Question
Question 4 Capital Budgeting An Australian gold mining company is contemplating whether to spend $210m into building a processing plant and developing a deposit that
Question 4
Capital Budgeting
An Australian gold mining company is contemplating whether to spend $210m into building a processing plant and developing a deposit that is expected to produce for 10 years. The projected schedule of production is defined as the following:
Years 1 to 3 100 000oz if the third letter of your first name is A-M and 120 000oz if N-Z. (= 120 000oz)
Years 4 to 7 130 000oz if your year of birth is even and 110 000oz if odd. (=130 000oz)
Years 8 to 10 125 000oz if your day of birth is 1st-10th, 150 000oz if 11th-20th and 145 000 if 21st - 31st . (=145000)

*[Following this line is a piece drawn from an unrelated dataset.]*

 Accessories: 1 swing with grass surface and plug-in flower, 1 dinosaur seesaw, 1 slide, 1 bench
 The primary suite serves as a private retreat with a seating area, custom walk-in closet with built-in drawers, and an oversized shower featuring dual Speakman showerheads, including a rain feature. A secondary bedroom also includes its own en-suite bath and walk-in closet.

The projected gold price are as follows:
Years 1 to 2 - $2 200/oz if you are enrolled in the Parramatta campus, $2 050/oz if Brisbane and $2 150/oz if by distance. (=150oz)

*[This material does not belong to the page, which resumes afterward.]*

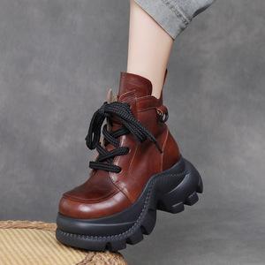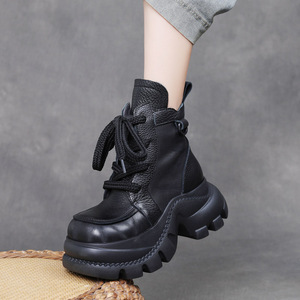 吉树25秋冬真皮休闲马丁靴女头层牛皮厚底高跟短靴轻奢小个子单靴
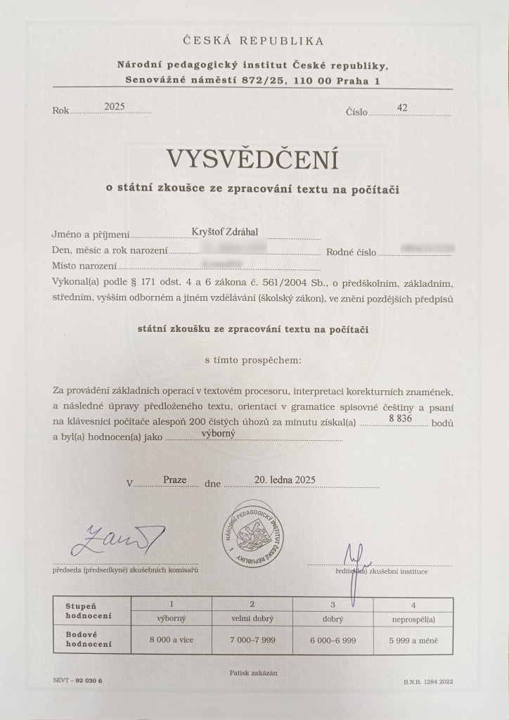 Absolvováním státní zkoušky získali naši úspěšní uchazeči vysvědčení dokládající způsobilost efektivní písemné komunikace. Tento dokument je garantovaný Ministerstvem školství, mládeže a tělovýchovy. Znalosti a dovednosti, jež žáci prokázali prostřednictvím zkoušky, využijí v budoucnu nejen v předmětu TEA, ale především v jejich budoucím profesním životě.

Years 3 to 6 - $2 800/oz if your second last number of your ID is even and $2 950/oz if odd. (=$2950)
Years 7 to 10 - $3 100/oz if the product of your day of birth and year of birth is an even number and $3 300/oz if odd. (=300/0z)
Production Costs
Years 1 to 4 - $1 500/oz if your third number of your ID is even and $1 700/oz if odd. (=$1700/0z)
Years 5 to 10 - $1 700/oz if your month of birth is January to April, $1 950/oz if May to August and $1 800/oz if September to December. (=$1950/oz)
Administration Costs
Years 1 to 10 - $450/oz if your month of birth is January to April, $375/oz if May to August and $425/oz if September to December. (=$375/0z)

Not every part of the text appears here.